Problem requirements: Copy the records below exactly, starting at the line that contains "This large catering sign packs" and ending at the line that contains "[1号卷]A10联盟2024"; leave out any pictures.

Items listed in a dataset:

>>

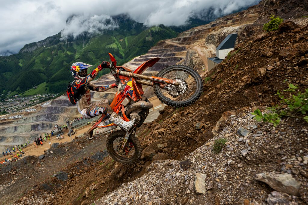 For 2024, race organiser Karl Katoch packed the track with two passes through the boulder-strewn Carl’s Dinner, punctuated with two runs through the Erzberg’s notoriously soggy forests, each trickier than the last. “The toughest Erzberg yet.”
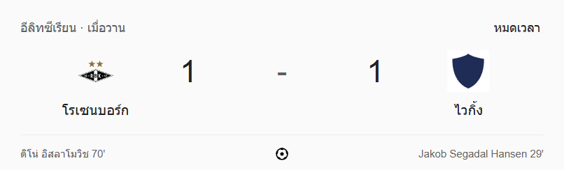 • นาทีที่ 94: จบเกม! โรเซนบอร์กเสมอไวกิ้ง 1-1 แบ่งแต้มกันไปอย่างสุดมัน
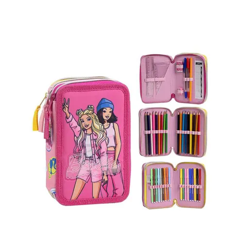 El exterior es donde la magia de Barbie realmente brilla. Con un diseño deslumbrante y vibrante, este estuche de lápices es una declaración audaz de diversión y moda. Es un accesorio que permite a tu hijo expresar su personalidad y su amor por uno de los íconos más queridos del mundo. La impresión de alta calidad y la atención al detalle lo convierten en un artículo destacado que será la envidia del aula.
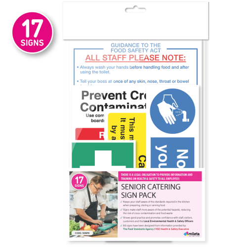 This large catering sign packs is designed to help businesses keep their staff aware of all aspects of food hygiene and health and safety in the kitchen. Contains 17 essential signs for use around your kitchen, food preparation and storage areas. Fully compliant with Health & safety law, this large catering sign pack is fully compliant with Food Safety Regulations and HACCP.
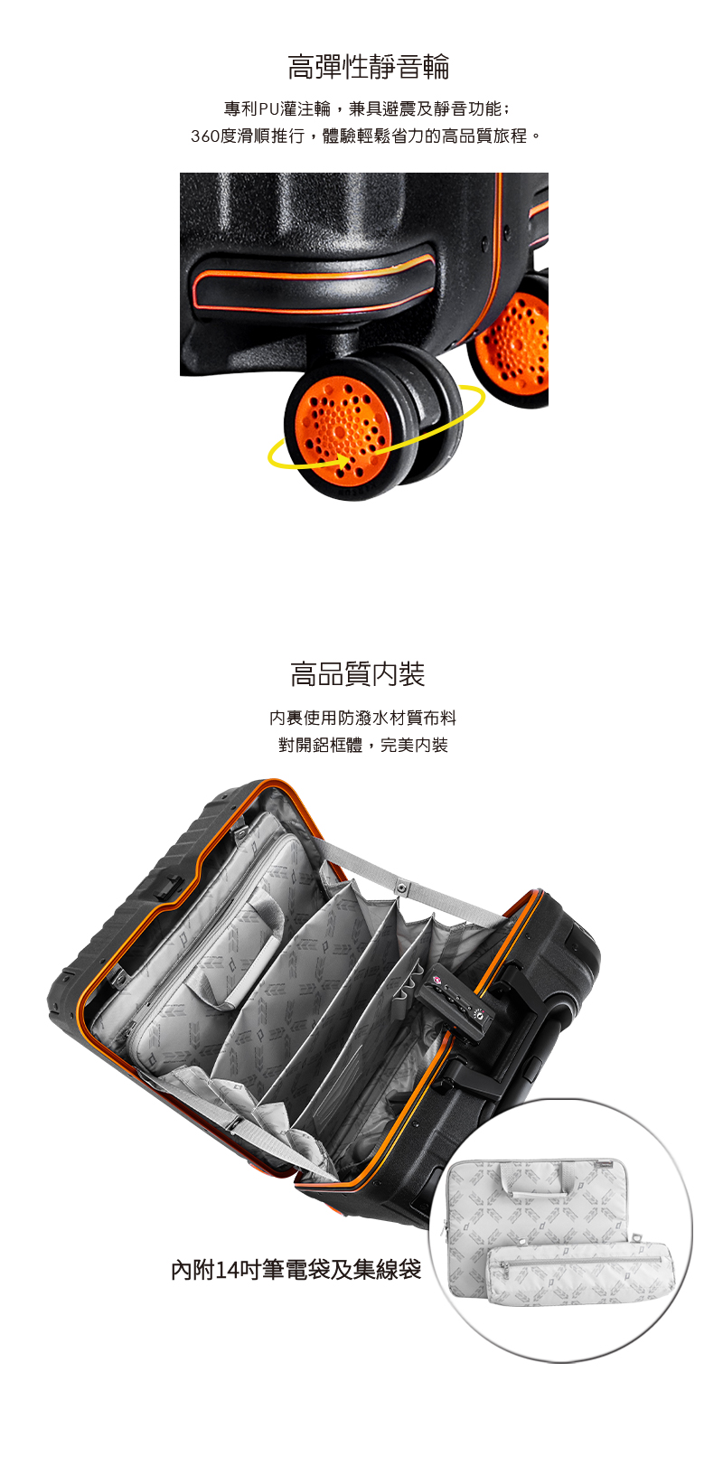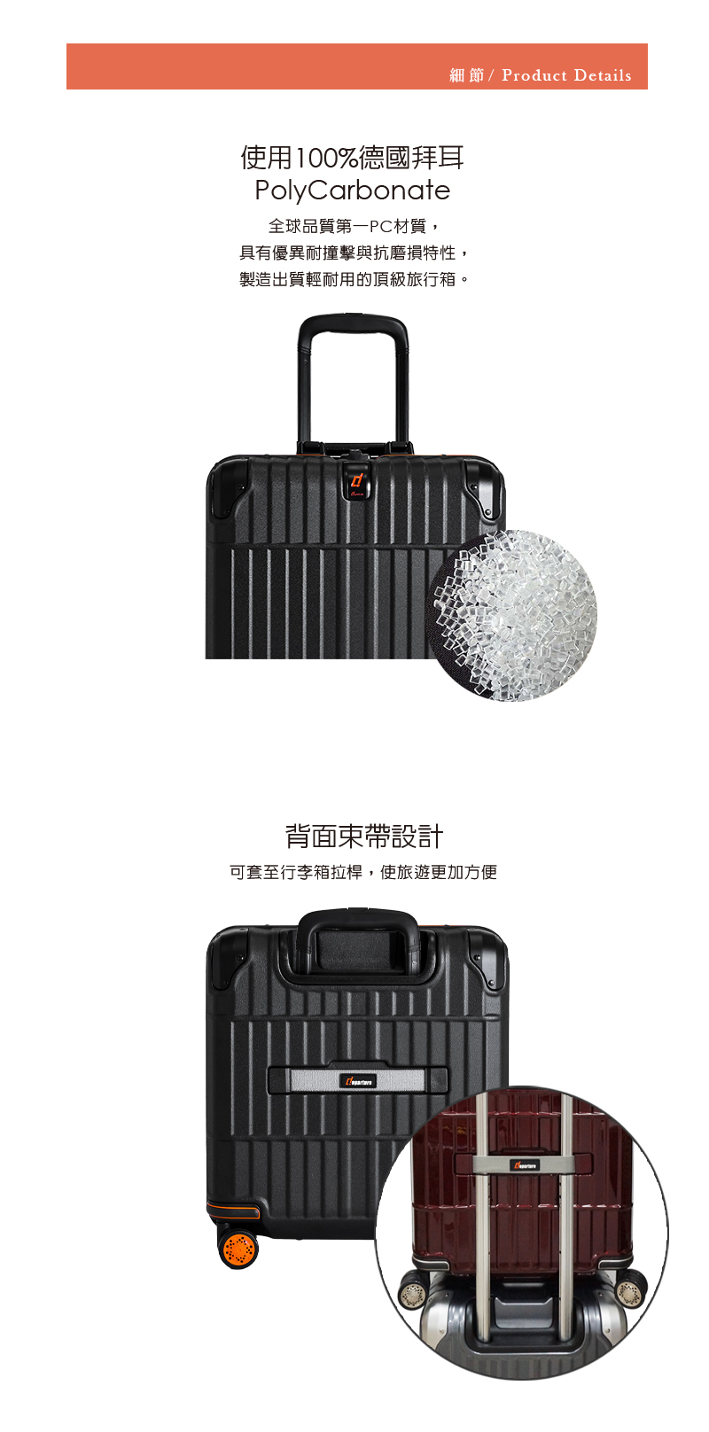 • 材質:箱殼 100% PC;內裡 100% NYLON
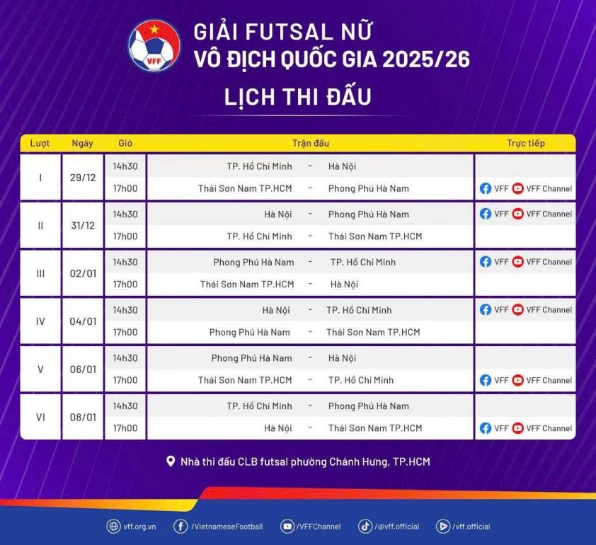 Chiều 27/12, tại phòng họp Nhà thi đấu CLB Futsal phường Chánh Hưng (TP Hồ Chí Minh), Ban tổ chức Giải Futsal Nữ Vô địch quốc gia 2025 đã tiến hành họp kỹ thuật trước thềm giải đấu.
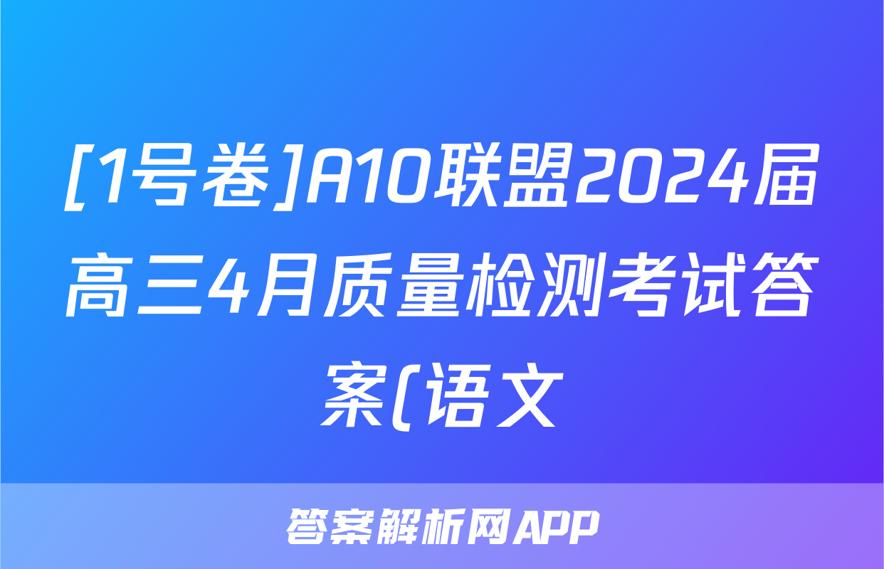 [1号卷]A10联盟2024届高三4月质量检测考试答案(语文)正在持续更新,目前2024-2025英语周报答案网为大家整理了相关试题及答案,供大家查缺补漏,高效提升成绩。
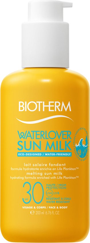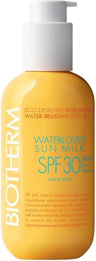 Biotherm Sun Waterlover Sun Milk SPF 30 Deze comfortabele zonnebrandmelk kan voor zowel het gezicht als het lichaam worden gebruikt Dit product is milieuvriendelijk dankzij zijn SPF filters en zijn ecologisch parfum en verpakking De zonnemelk voelt heerlijke comfortabel en smeltend aan en laat geen witte laag achter op de huid Factor 30 Gebruik Breng de zonnebrandmelk vlak voor het zonnen aan op de huid Breng regelmatig opnieuw aan vooral na het zwemmen transpireren of afdrogen

<<

Written response:
 This large catering sign packs is designed to help businesses keep their staff aware of all aspects of food hygiene and health and safety in the kitchen. Contains 17 essential signs for use around your kitchen, food preparation and storage areas. Fully compliant with Health & safety law, this large catering sign pack is fully compliant with Food Safety Regulations and HACCP.
 • 材質:箱殼 100% PC;內裡 100% NYLON
 Chiều 27/12, tại phòng họp Nhà thi đấu CLB Futsal phường Chánh Hưng (TP Hồ Chí Minh), Ban tổ chức Giải Futsal Nữ Vô địch quốc gia 2025 đã tiến hành họp kỹ thuật trước thềm giải đấu.
 [1号卷]A10联盟2024届高三4月质量检测考试答案(语文)正在持续更新,目前2024-2025英语周报答案网为大家整理了相关试题及答案,供大家查缺补漏,高效提升成绩。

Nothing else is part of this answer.